[Start of Attachment]

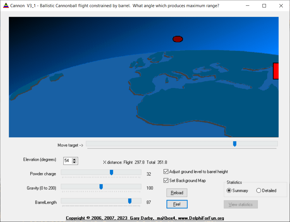 Here’s an animated graphics program that builds on the bouncing ball program by adding some horizontal movement to the ball, drawing a primitive cannon that you can aim, a target that can be moved and an adjustable powder charge to give the initial push to the ball. Cannonball is also the project-name of the 64bit migrationContinue reading “Cannonball”
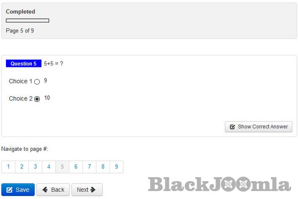 • supports AJAX making the component more fast and powerful. AJAX technology lets user to pass test without page reloads - component will update all the page stuff itself
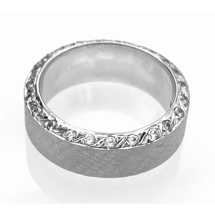 Massiver Damenring in 585er Weißgold. Der Ring hat eine Ringschiene von 6,91 mm Breite. Sie hat eine rauteförmige Strunktur ringsherum. Die Seiten sind leicht abgeschrägt. Daring funkeln, ebenso ringsherum, Zirkonia.
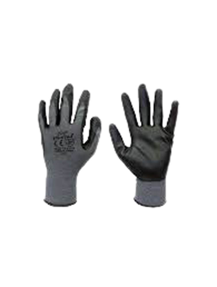 Nitrile Coated Gloves on Grey Knitted Shell are flexible and comfortable. Good Grip with Breathable Elastic Wristband, Handling, Assembling in Oily Environment.Handling in Wet and Greasy Environment.
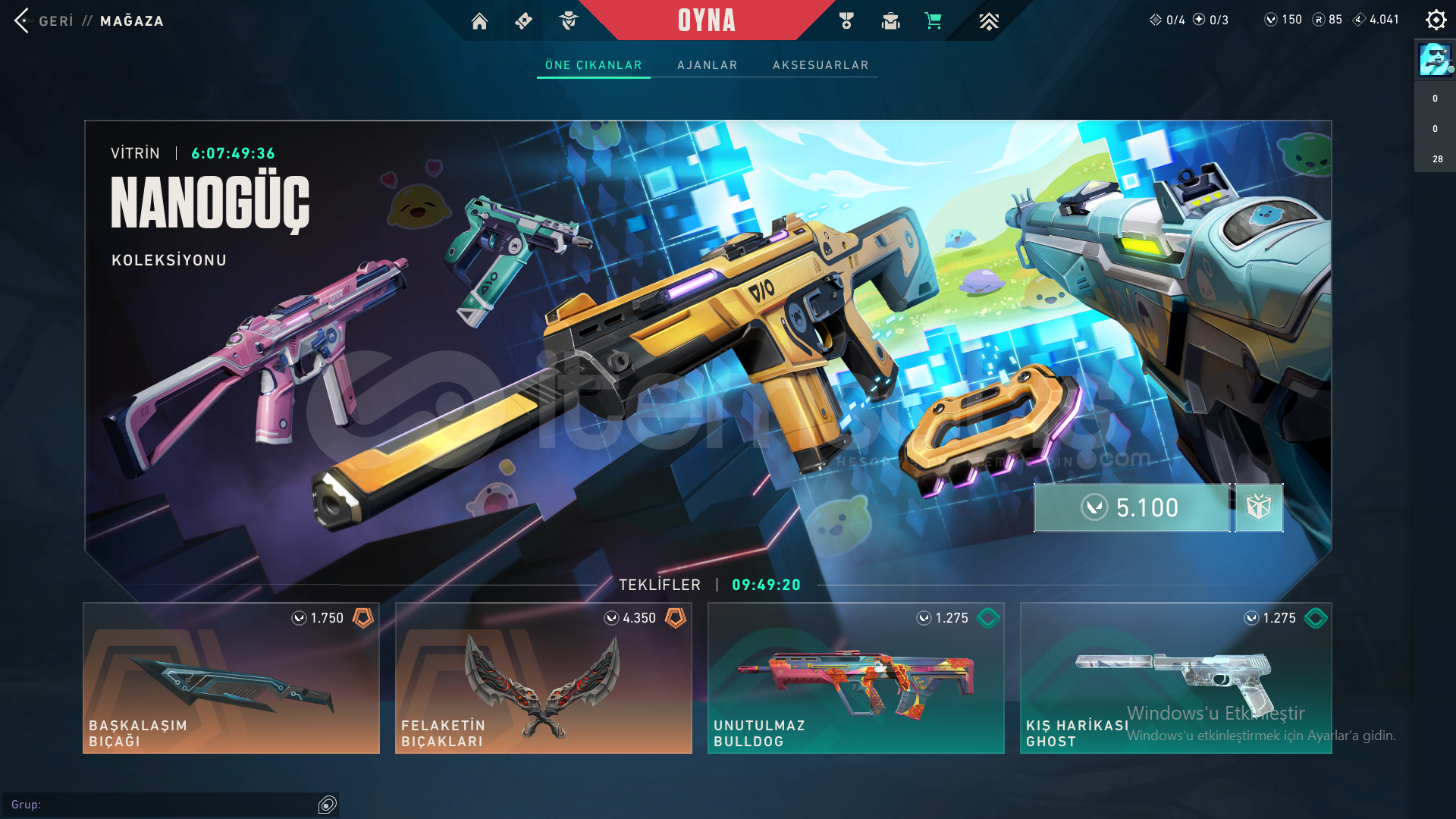 HESABIN ACT RANKI PLAT OLMAKLA BERABER 80 SEVİYEDİR VE TÜM AJANLAR AÇIKTIR AYRI OLARAK 150 VP VE 85 RADYANİT BULUNMAKTADIR

[End of Attachment]

# REQUIRED WORK
Repeat each line of the records exactly, dropping the pictures.

# RESPONSE AREA
 Here’s an animated graphics program that builds on the bouncing ball program by adding some horizontal movement to the ball, drawing a primitive cannon that you can aim, a target that can be moved and an adjustable powder charge to give the initial push to the ball. Cannonball is also the project-name of the 64bit migrationContinue reading “Cannonball”
 • supports AJAX making the component more fast and powerful. AJAX technology lets user to pass test without page reloads - component will update all the page stuff itself
 Massiver Damenring in 585er Weißgold. Der Ring hat eine Ringschiene von 6,91 mm Breite. Sie hat eine rauteförmige Strunktur ringsherum. Die Seiten sind leicht abgeschrägt. Daring funkeln, ebenso ringsherum, Zirkonia.
 Nitrile Coated Gloves on Grey Knitted Shell are flexible and comfortable. Good Grip with Breathable Elastic Wristband, Handling, Assembling in Oily Environment.Handling in Wet and Greasy Environment.
 HESABIN ACT RANKI PLAT OLMAKLA BERABER 80 SEVİYEDİR VE TÜM AJANLAR AÇIKTIR AYRI OLARAK 150 VP VE 85 RADYANİT BULUNMAKTADIR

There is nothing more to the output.